About 33 percent of Kentucky voters approve of the job McConnell is doing, while some 56 percent disapprove. 

Lately, McConnell has had trouble holding his Senate troops. Twelve Republicans defected on the resolution to overturn Trump’s emergency wall declaration, while six voted with Democrats to reject his Yemen policy.

And life will only become more difficult for McConnell once Special Counsel Robert Mueller’s report is released. There is a great deal of speculation about whether the report will ever be made public. The odds are overwhelming that it will, one way or another.

Congress has demanded it, in a rare show of bipartisan solidarity. Also, Mueller need only produce indictments of the Trump Organization as a criminal enterprise, with Trump (Individual 1) as an un-indicted co-conspirator, and Mueller’s whole case is on the public record.

As the waters rise around Trump, it becomes harder and harder for McConnell to retreat into his shell and continue his role as loyalist to the end. His own neck will increasingly be on the line. He could end up as mocked turtle soup. 

Kuttner
March 15, 2019

Trump’s Very, Extremely, Seriously Bad Week. This was the week that Trump’s senate supporters began deserting him big time, on the Wall (12 Republican Senate defections), on support for Saudi Arabia’s war in Yemen (7 defections) and most ominously, on Special Counsel Mueller’s report, which both parties want made public.

This is how it works. Support is solid, until it starts to crumble, and then it can crumble fast. 

Nancy Pelosi would be wise not to throw more cold water on impeachment. Let the facts come out, and let the process play out. 

Yes, it would be terrific to beat Trump at the polls. But the more cornered he is, the crazier he becomes. And it’s best to get him out of office sooner rather than later.

So let’s see what Mueller has. Let’s see what House investigations unearth. And let’s savor the process of Republicans deserting Trump. 

We will known soon enough whether an impeachment is in the cards. In the meantime, no avenue should be foreclosed. 

Meyerson
March 14, 2019

Beto: The Tabula-Rasa-for-President Candidate. Among the gazillion Democrats now running for president, former Texas Congressman Beto O’Rourke, who announced his candidacy today, is the most unformed.

His brief tenure in the House gives few clues as to his politics, though he did support centrist Democrat Seth Moulton’s challenge to Nancy Pelosi for House Democratic leader in 2016. His relatively near-miss challenge to Republican Senator Ted Cruz was due in no small measure to Beto’s charisma and Cruz’s lack thereof, but also to the rapidly changing demographics of the Texas electorate.

Beto’s extended musings before he announced today, and the announcement itself, provide equally infinitesimal guidance as to his politics.
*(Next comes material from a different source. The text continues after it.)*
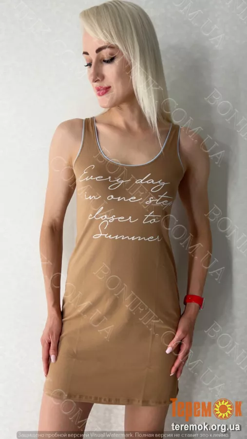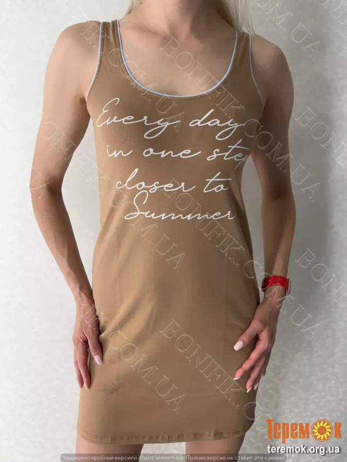 - Теги: жіноча нічна сорочка, карамельна нічнушка, нічна сорочка з написом, домашній одяг, трикотажна сорочка, літній нічний одяг, нічнушка без рукавів, сорочка для сну

We know he supported the NFL players who took a knee. He’s against the border wall and assault weapons, for granting citizenship to many undocumenteds and for some form of universal health coverage. That’s about it.

In theory, participating in the primary debates, and being confronted by questions from voters and reporters on the campaign trail will compel him to say something more specific about what he’d hope to do as president.
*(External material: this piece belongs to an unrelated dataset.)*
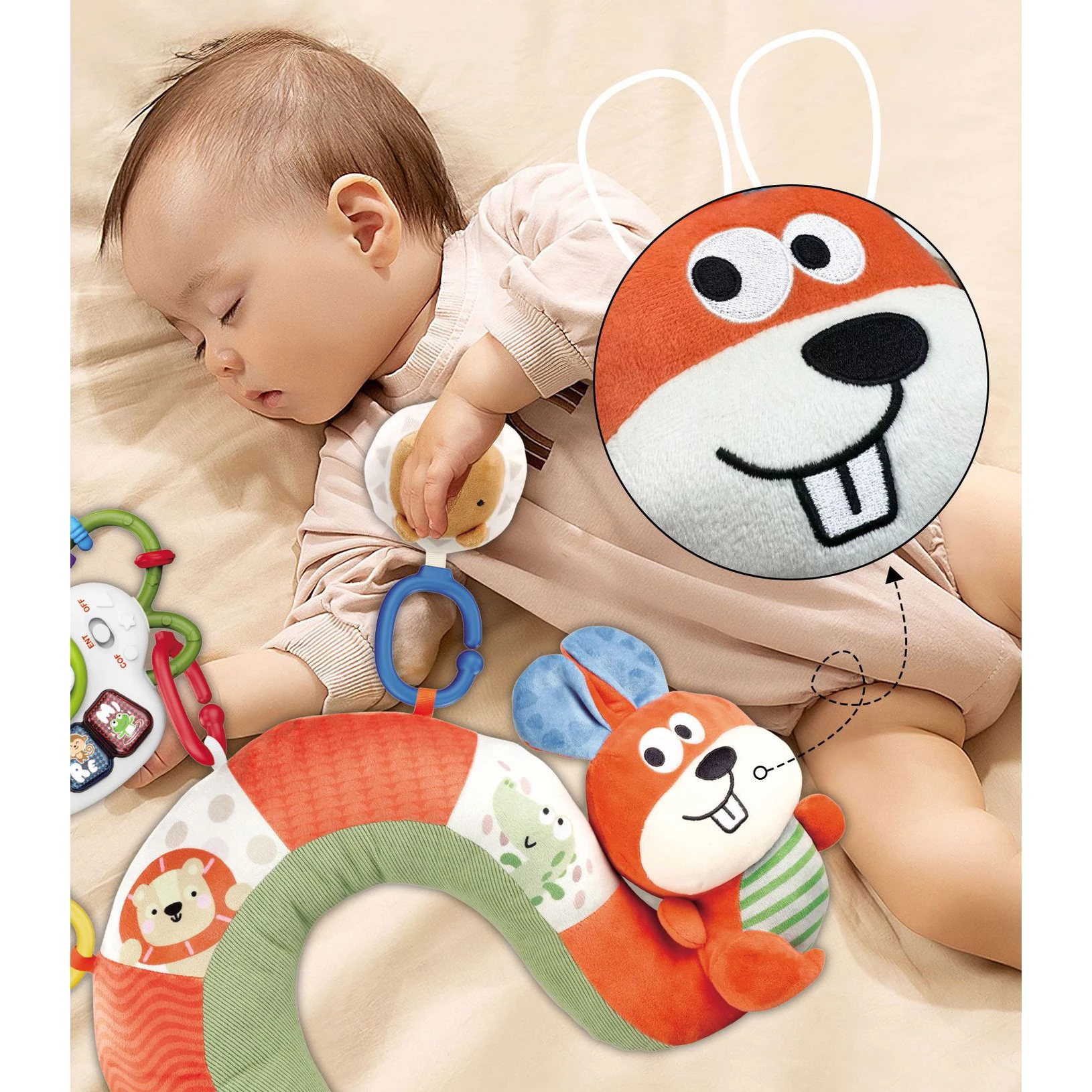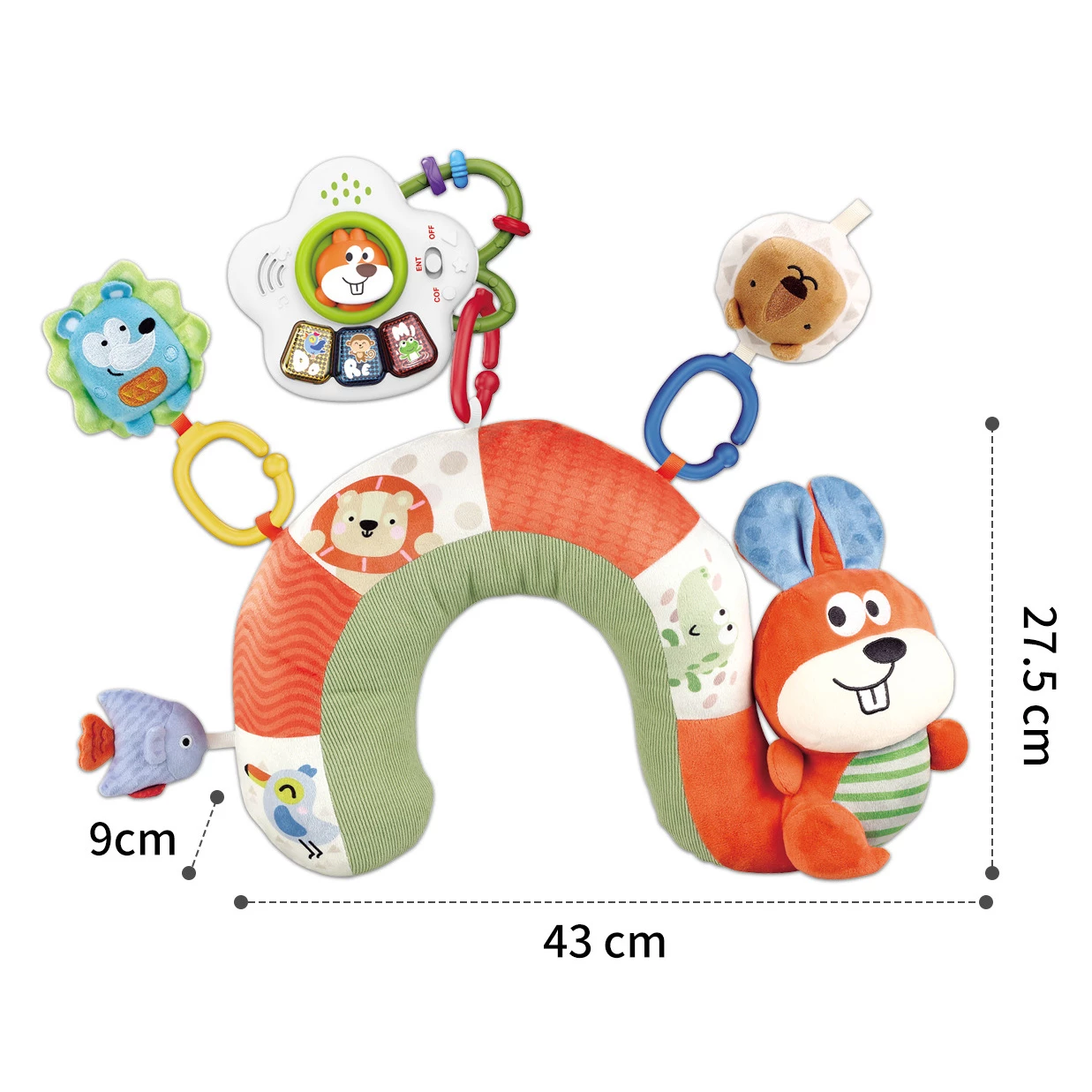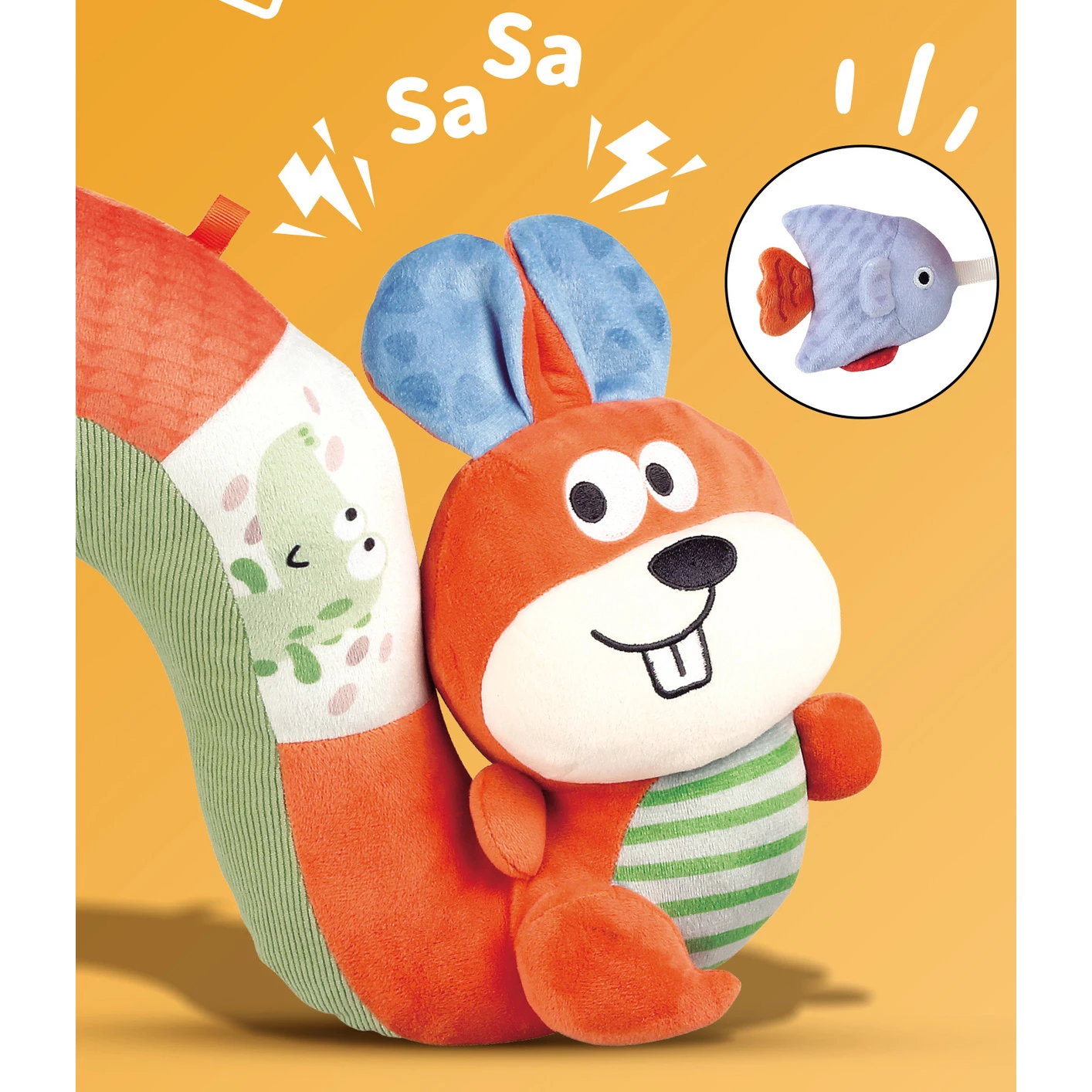 Эта яркая многофункциональная подушка для малышей создана для того, чтобы развивать сенсорные навыки, моторику и детское внимание. Подушка выполнена в форме белочки и снабжена разнообразными интерактивными деталями. К подушке прикреплены погремушка, пищалка, а также музыкальный модуль. Изделие выполнено из гипоаллергенных материалов. Эта подушка станет любимым местом для развлечений вашего малыша.

In practice: Who knows? As the story on his declaration of candidacy in today’s Washington Post notes, “When asked [during his Senate campaign] about policy on the campaign trail, O’Rourke often answered not with a specific remedy, but with a call for Texans to solve the problem together, allowing him to remain vague in many of his positions.”

It’s hard not to get the feeling that he’ll ask voters to vote for him because, well, he’s Beto. In an interview with him that Vanity Fair just posted, when asked about the presidential contest, he replied, “Man, I’m just born to be in it.”

You have to hope Democratic voters ask a little more of him than that.